> [TASK DESCRIPTION]:
Look below for the line that contains "①寝袋 ナンガ/オーロラライト450DX ②スリーピングマット" and the line that contains "차량번호 | 93오3680 |", then restate both of them and every line in between, exactly. No picture goes in the copy.

> [SOURCE MATERIAL]:
□ □ □

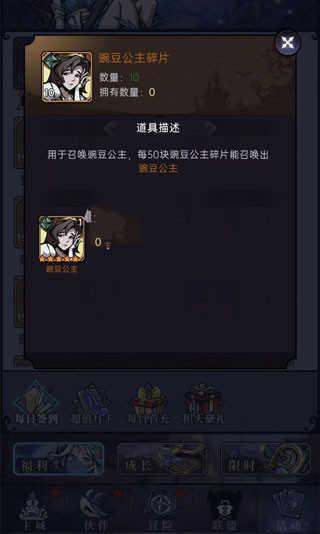 2、刚刚小编给玩家们讲述了豌豆公主碎片的获取方式,接下来给玩家们简单讲解一下豌豆公主碎片怎么使用,豌豆公主碎片用于召唤豌豆公主,每50块豌豆公主碎片能召唤出豌豆公主,可合成5星级的豌豆公主
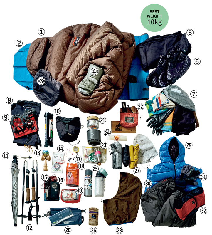①寝袋 ナンガ/オーロラライト450DX ②スリーピングマット クライミット/イナーシャオゾン ③枕 シートゥサミット/エアロプレミアムピロー ④寝袋カバー SOL/エスケープヴィヴィ ⑤インナーシーツ スタティック/アドリフトライナー ⑥ダウンソックス ライトウェイ/クーニーエーペックス+4℃ ⑦着替え・防寒具 ⑧ゲイター フリーライト/キャハンR ULゲイター ⑨チェーンスパイク ブラックダイヤモンド/アクセススパイクトラクションディバイス ⑩カメラ・三脚 ライカ/Mtyp240、ベルボン/UT-3AR、マタドール/カメラベースレイヤー2.0 ⑪傘 シックスムーンデザインズ/シルバーシャドウ ⑫ポール ブラックダイヤモンド/アルパインFLZ ⑬けん玉 ウシケンダマ/すまいるん ⑭地図とコンパス シルバコンパス/フィールド37501 ⑮ヘッドランプ&ライト ペツル/ビンディ、ゴールゼロ/ライトハウスマイクロフラッシュ ⑯モバイルバッテリー アンカー/パワーコアエッセンシャル20000 ⑰温度計 エンペックス/サーモマックス50 ⑱エマージェンシーシート SOL/エマージェンシーブランケット ⑲ファーストエイドキット エクスペド/クリアキューブファーストエイドS ⑳トイレキット モンベル/O.D.トイレキット、O.D.ガベッジバッグ ㉑火器・クッカー ジェットボイル/スタッシュ、トークス/チタニウムポット550ウィズアウトハンドル、コジー/MYOG(byブラックスミスハイカー) ㉒カトラリー ヌルク/ノワレ、バーゴ/チタニウムチョップスティック、エバニュー/ナベツカム、フクマルワークス/オリジナルスプーン月、クープカフェ/カフェトレー ㉓コーヒーミル・ドリッパー スノーピーク/フィールドバリスタミル、ゼブラン/V60フラットドリッパー01 ㉔ソフトボトル エバニュー/ウォーターキャリー1.5L ㉕ボトル モンベル/アルパイン サーモボトル0.5L、セリア/トライタン製ドリンクボトル、a bit of/ボトルカバー ㉖缶クーラー ソラチタニアムギア/B.P.C、サーモス/保冷缶ホルダー ㉗レインウエア ジーパックス/レインポンチョ、山と道/オールウェザーフーディ、モンベル/バーサライトパンツ、ハイテールデザイン/ウルトラレインミトン ㉘フード 山と道/ライトアルファオンリーフード ㉙ダウンフーディ ジーパックス/グースダウンジャケット ㉚防寒スカート 凌(アクシーズクイン)/アグラスカート ㉛グローブ ブラックダイヤモンド/サークグローブ ㉜腹巻き 山と道/アルファハラマキ
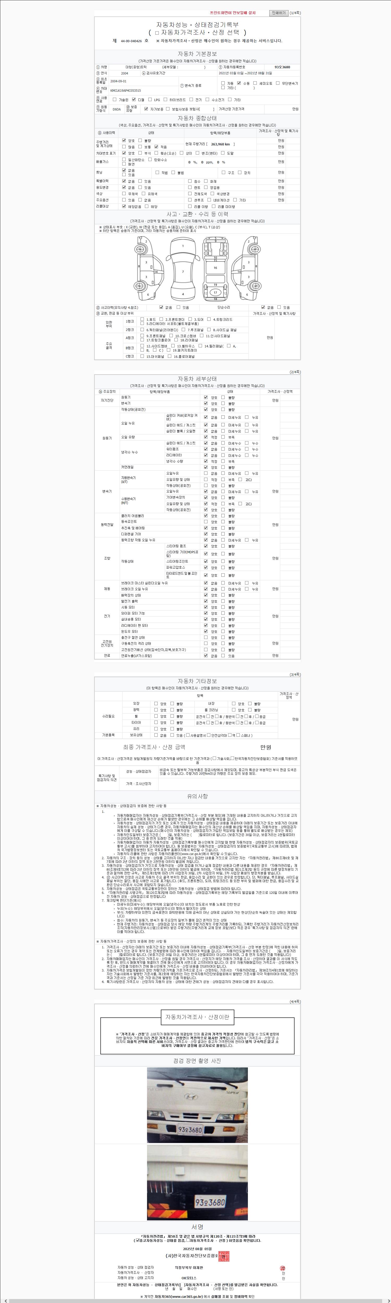 | 주행거리 | 263,960 km | 차량번호 | 93오3680 |
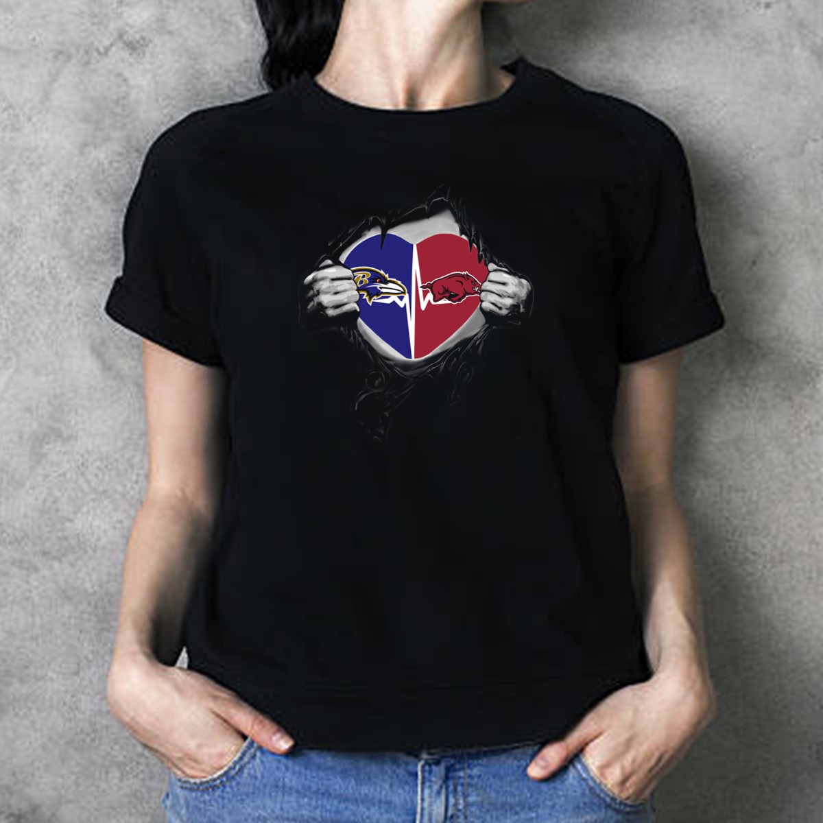 Show your love for both the Baltimore Ravens and Arkansas Razorbacks with this unique fan-made graphic T-shirt! Perfect for sports enthusiasts who want to showcase their team spirit in a stylish and comfortable way, this shirt is ideal for casual outings, themed events, or just lounging around. Made in the USA, the heart logo combo design sets it apart, making it a must-have for any dedicated fan.
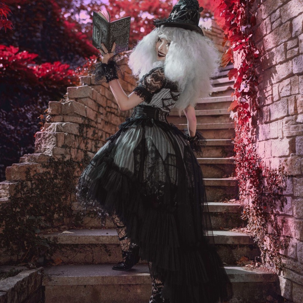 撮影会やイベントに。黒小物でまとめると、レースの陰影がより引き立ちます。

□ □ □

> [RESULT OF THE EXERCISE]:
①寝袋 ナンガ/オーロラライト450DX ②スリーピングマット クライミット/イナーシャオゾン ③枕 シートゥサミット/エアロプレミアムピロー ④寝袋カバー SOL/エスケープヴィヴィ ⑤インナーシーツ スタティック/アドリフトライナー ⑥ダウンソックス ライトウェイ/クーニーエーペックス+4℃ ⑦着替え・防寒具 ⑧ゲイター フリーライト/キャハンR ULゲイター ⑨チェーンスパイク ブラックダイヤモンド/アクセススパイクトラクションディバイス ⑩カメラ・三脚 ライカ/Mtyp240、ベルボン/UT-3AR、マタドール/カメラベースレイヤー2.0 ⑪傘 シックスムーンデザインズ/シルバーシャドウ ⑫ポール ブラックダイヤモンド/アルパインFLZ ⑬けん玉 ウシケンダマ/すまいるん ⑭地図とコンパス シルバコンパス/フィールド37501 ⑮ヘッドランプ&ライト ペツル/ビンディ、ゴールゼロ/ライトハウスマイクロフラッシュ ⑯モバイルバッテリー アンカー/パワーコアエッセンシャル20000 ⑰温度計 エンペックス/サーモマックス50 ⑱エマージェンシーシート SOL/エマージェンシーブランケット ⑲ファーストエイドキット エクスペド/クリアキューブファーストエイドS ⑳トイレキット モンベル/O.D.トイレキット、O.D.ガベッジバッグ ㉑火器・クッカー ジェットボイル/スタッシュ、トークス/チタニウムポット550ウィズアウトハンドル、コジー/MYOG(byブラックスミスハイカー) ㉒カトラリー ヌルク/ノワレ、バーゴ/チタニウムチョップスティック、エバニュー/ナベツカム、フクマルワークス/オリジナルスプーン月、クープカフェ/カフェトレー ㉓コーヒーミル・ドリッパー スノーピーク/フィールドバリスタミル、ゼブラン/V60フラットドリッパー01 ㉔ソフトボトル エバニュー/ウォーターキャリー1.5L ㉕ボトル モンベル/アルパイン サーモボトル0.5L、セリア/トライタン製ドリンクボトル、a bit of/ボトルカバー ㉖缶クーラー ソラチタニアムギア/B.P.C、サーモス/保冷缶ホルダー ㉗レインウエア ジーパックス/レインポンチョ、山と道/オールウェザーフーディ、モンベル/バーサライトパンツ、ハイテールデザイン/ウルトラレインミトン ㉘フード 山と道/ライトアルファオンリーフード ㉙ダウンフーディ ジーパックス/グースダウンジャケット ㉚防寒スカート 凌(アクシーズクイン)/アグラスカート ㉛グローブ ブラックダイヤモンド/サークグローブ ㉜腹巻き 山と道/アルファハラマキ
 | 주행거리 | 263,960 km | 차량번호 | 93오3680 |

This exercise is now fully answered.